• **To do**: The material below includes pictures; leave them out and return only the lines between the line containing "Урок мультипликации прошел" and the line containing "適用Pixel 10/10 Pro", inclusive, word for word.

-- Exercise material follows --

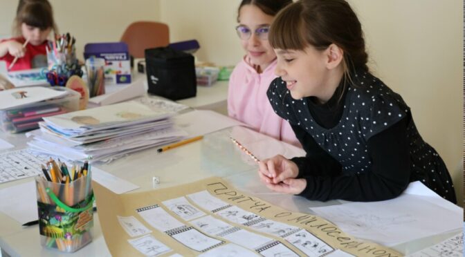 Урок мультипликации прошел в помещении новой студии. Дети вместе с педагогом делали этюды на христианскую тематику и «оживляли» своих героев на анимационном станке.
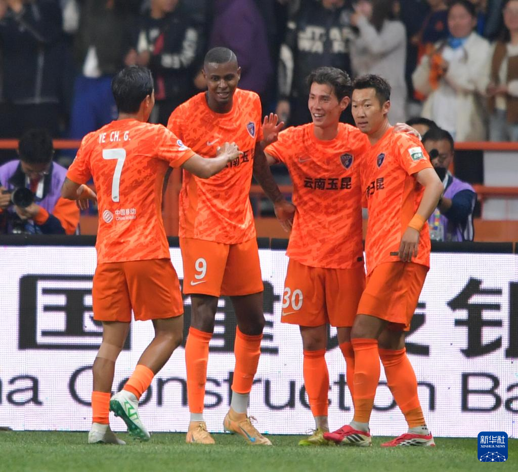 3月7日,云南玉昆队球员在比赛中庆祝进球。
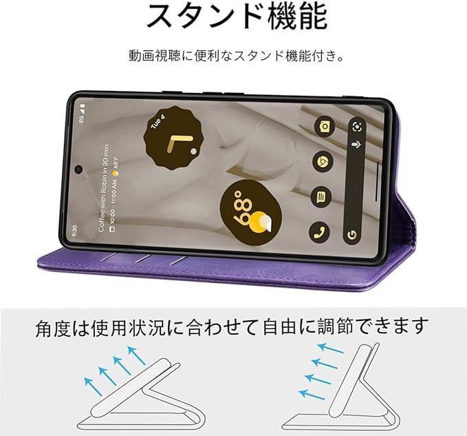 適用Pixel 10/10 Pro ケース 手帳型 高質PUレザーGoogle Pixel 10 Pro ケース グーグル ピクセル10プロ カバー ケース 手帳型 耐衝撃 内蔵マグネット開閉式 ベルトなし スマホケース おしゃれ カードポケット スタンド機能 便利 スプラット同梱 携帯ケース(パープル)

-- Exercise material concluded --
-- Exercise material follows --

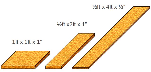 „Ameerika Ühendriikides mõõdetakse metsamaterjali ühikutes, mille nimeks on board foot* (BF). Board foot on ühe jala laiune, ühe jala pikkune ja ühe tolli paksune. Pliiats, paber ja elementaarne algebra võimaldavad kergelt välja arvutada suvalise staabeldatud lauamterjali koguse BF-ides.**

-- Exercise material concluded --

• **Answer area**:
 Урок мультипликации прошел в помещении новой студии. Дети вместе с педагогом делали этюды на христианскую тематику и «оживляли» своих героев на анимационном станке.
 3月7日,云南玉昆队球员在比赛中庆祝进球。
 適用Pixel 10/10 Pro ケース 手帳型 高質PUレザーGoogle Pixel 10 Pro ケース グーグル ピクセル10プロ カバー ケース 手帳型 耐衝撃 内蔵マグネット開閉式 ベルトなし スマホケース おしゃれ カードポケット スタンド機能 便利 スプラット同梱 携帯ケース(パープル)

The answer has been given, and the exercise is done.